INFORMATION SHOWN
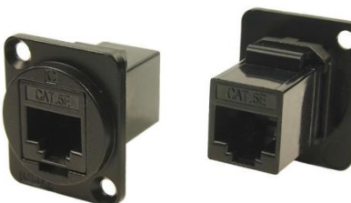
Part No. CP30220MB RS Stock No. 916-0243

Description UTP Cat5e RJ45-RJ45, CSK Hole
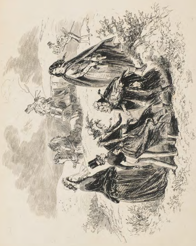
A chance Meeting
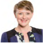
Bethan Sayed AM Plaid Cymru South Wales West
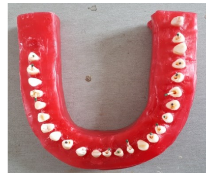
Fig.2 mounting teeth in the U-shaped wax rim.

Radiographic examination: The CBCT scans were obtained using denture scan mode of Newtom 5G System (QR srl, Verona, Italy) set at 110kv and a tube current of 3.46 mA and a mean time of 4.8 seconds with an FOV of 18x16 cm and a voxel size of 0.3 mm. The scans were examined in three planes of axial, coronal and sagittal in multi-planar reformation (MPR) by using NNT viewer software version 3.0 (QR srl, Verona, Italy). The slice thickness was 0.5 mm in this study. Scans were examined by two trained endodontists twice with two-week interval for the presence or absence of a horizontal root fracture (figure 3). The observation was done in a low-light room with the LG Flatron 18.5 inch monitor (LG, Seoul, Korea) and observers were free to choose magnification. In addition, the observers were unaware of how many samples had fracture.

* * *

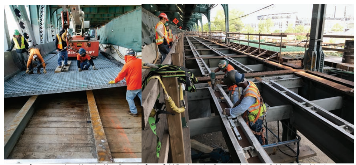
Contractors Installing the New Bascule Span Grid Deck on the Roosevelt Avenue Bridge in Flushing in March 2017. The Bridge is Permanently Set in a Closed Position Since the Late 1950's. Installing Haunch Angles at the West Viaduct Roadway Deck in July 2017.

TASK BRIEF
Please reproduce the lines from the line with "Fig.2 mounting teeth in the U-shaped wax rim." to the line with "Radiographic examination: The", both ends included, exactly as they appear above.

RESULT OF THE TASK
Fig.2 mounting teeth in the U-shaped wax rim.

Radiographic examination: The CBCT scans were obtained using denture scan mode of Newtom 5G System (QR srl, Verona, Italy) set at 110kv and a tube current of 3.46 mA and a mean time of 4.8 seconds with an FOV of 18x16 cm and a voxel size of 0.3 mm. The scans were examined in three planes of axial, coronal and sagittal in multi-planar reformation (MPR) by using NNT viewer software version 3.0 (QR srl, Verona, Italy). The slice thickness was 0.5 mm in this study. Scans were examined by two trained endodontists twice with two-week interval for the presence or absence of a horizontal root fracture (figure 3). The observation was done in a low-light room with the LG Flatron 18.5 inch monitor (LG, Seoul, Korea) and observers were free to choose magnification. In addition, the observers were unaware of how many samples had fracture.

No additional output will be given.